Sometimes one hears the expression, "…better late than never…". However, I believe it is foolish to subscribe to the view that the European Central Bank's (ECB's) announcement that it is to expand its programme of bond purchases is going to be a panacea for the Eurozone economy.
On Thursday, January 22nd the President of the ECB, Mario Draghi, announced that the programme of buying assets worth EUR60 Billion (USD67 Billion) per month from March 2015 through to September 2016 was simply creating the framework within which growth potential can be realised.
Draghi was pointing to the fact that the key ingredient for economic growth to expand is confidence.
That does not require ever more state spending which racks up higher national debt or higher taxation and regulation. These factors have a habit of crowding out or frightening off the private sector.
It has been empirically proven that no party can waste capital more effectively that the sovereign state.
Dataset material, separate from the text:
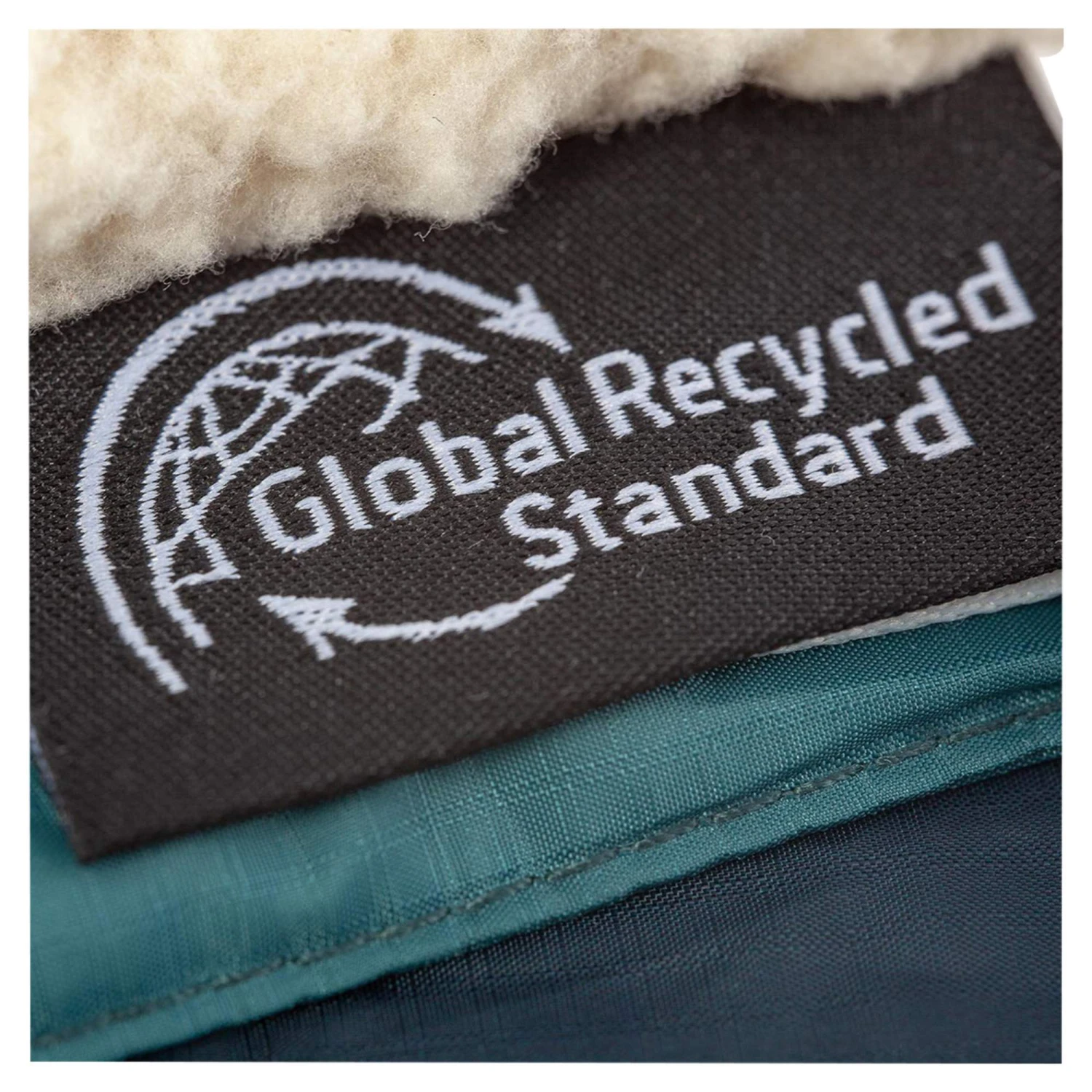 Super flauschige Decke mit wasserabweisender Außenseite und Teddyfleece auf der Innenseite. Kann durch seitliche Druckknöpfe zum Schlafsack verwandelt werden. Hergestellt aus recycelten PET-Flaschen.

It is far too easy for the state to be expanded, and yet too many politicians, be they local, national or even supra-national cannot resist tinkering with the economic levers and have a reluctance to relinquish control.
In short, the QE programme in the Eurozone will become an expensive failure if several national governments do not take this opportunity to implement meaningful structural reform.
QE in the United States; so different from the Eurozone.
Where the QE operated by the Federal Reserve Bank in the US worked was that it was conducted against a background in which the private sector perceived the economic environment as being pro-enterprise and conducive to investment.